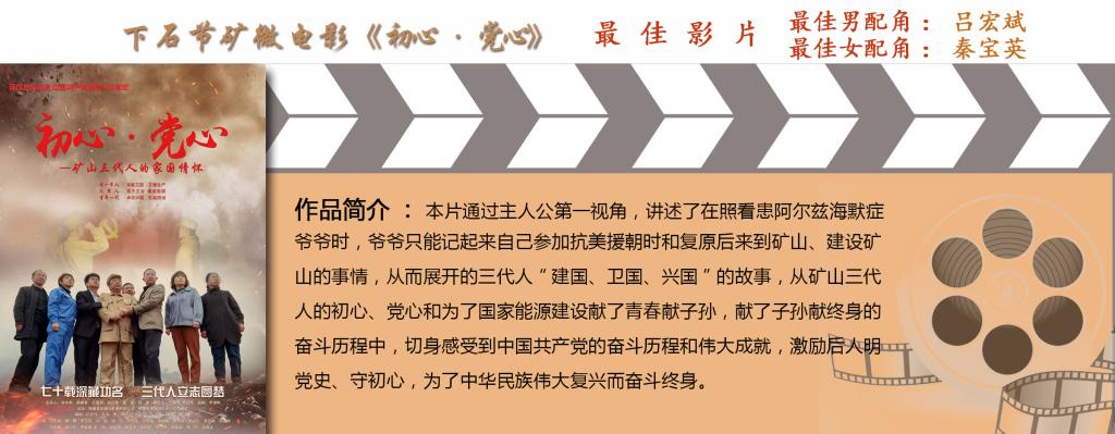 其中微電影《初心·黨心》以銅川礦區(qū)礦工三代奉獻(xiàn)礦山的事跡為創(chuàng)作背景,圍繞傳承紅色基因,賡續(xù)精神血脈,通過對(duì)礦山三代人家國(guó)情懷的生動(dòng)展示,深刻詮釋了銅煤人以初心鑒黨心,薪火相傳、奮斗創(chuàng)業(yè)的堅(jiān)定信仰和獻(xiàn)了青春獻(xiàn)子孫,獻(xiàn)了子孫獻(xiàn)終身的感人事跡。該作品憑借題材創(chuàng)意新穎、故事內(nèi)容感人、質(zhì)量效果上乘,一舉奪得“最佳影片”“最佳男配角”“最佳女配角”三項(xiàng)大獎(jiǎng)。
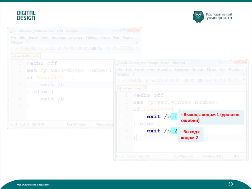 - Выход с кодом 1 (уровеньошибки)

...

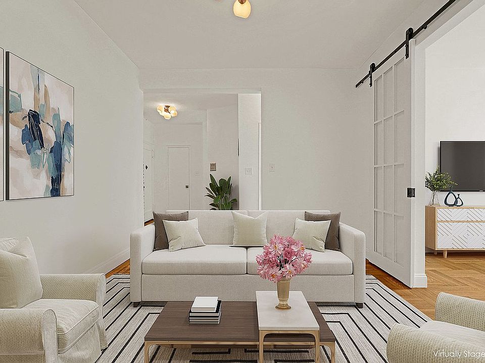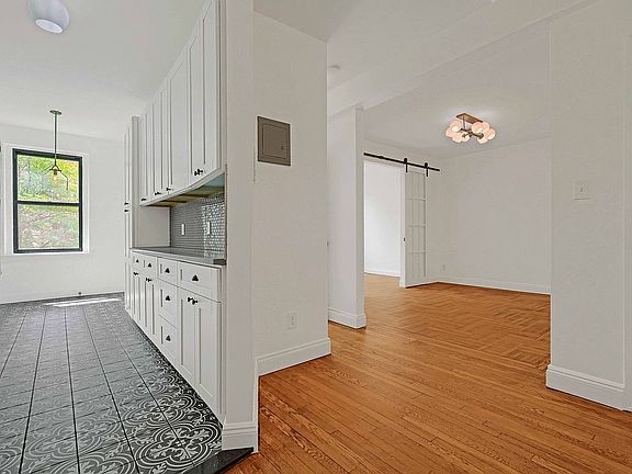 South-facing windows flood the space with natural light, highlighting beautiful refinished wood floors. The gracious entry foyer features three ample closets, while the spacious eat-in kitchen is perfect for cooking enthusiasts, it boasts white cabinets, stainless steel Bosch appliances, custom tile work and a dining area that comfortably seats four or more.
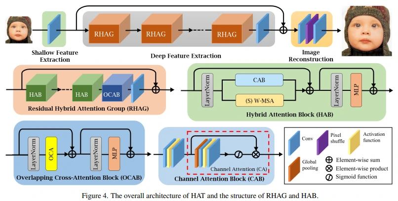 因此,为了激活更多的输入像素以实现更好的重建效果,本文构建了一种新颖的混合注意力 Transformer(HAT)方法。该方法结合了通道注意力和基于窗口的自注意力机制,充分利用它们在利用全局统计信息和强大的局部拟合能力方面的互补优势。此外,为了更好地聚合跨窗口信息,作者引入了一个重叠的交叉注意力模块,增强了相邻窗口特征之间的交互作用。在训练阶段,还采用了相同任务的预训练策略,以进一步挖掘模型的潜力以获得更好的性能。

==

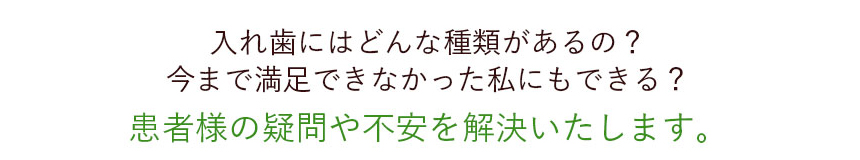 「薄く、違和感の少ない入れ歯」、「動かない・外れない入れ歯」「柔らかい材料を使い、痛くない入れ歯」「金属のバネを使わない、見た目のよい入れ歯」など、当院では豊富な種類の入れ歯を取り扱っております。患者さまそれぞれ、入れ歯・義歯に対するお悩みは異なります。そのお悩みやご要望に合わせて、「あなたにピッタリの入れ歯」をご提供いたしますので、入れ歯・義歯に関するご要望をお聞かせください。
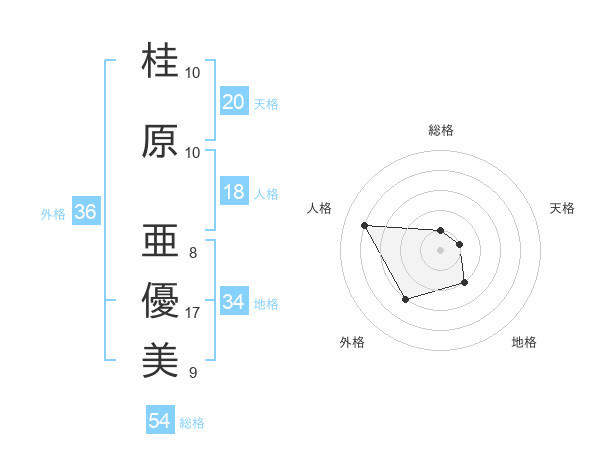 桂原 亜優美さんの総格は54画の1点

- THE TASK: Everything from the line with "South-facing windows flood" down to the line with "因此,为了激活更多的输入像素" in the data above should be copied exactly, with both end lines kept and the pictures left out.

- SOLUTION FOR THIS PROBLEM:
 South-facing windows flood the space with natural light, highlighting beautiful refinished wood floors. The gracious entry foyer features three ample closets, while the spacious eat-in kitchen is perfect for cooking enthusiasts, it boasts white cabinets, stainless steel Bosch appliances, custom tile work and a dining area that comfortably seats four or more.
 因此,为了激活更多的输入像素以实现更好的重建效果,本文构建了一种新颖的混合注意力 Transformer(HAT)方法。该方法结合了通道注意力和基于窗口的自注意力机制,充分利用它们在利用全局统计信息和强大的局部拟合能力方面的互补优势。此外,为了更好地聚合跨窗口信息,作者引入了一个重叠的交叉注意力模块,增强了相邻窗口特征之间的交互作用。在训练阶段,还采用了相同任务的预训练策略,以进一步挖掘模型的潜力以获得更好的性能。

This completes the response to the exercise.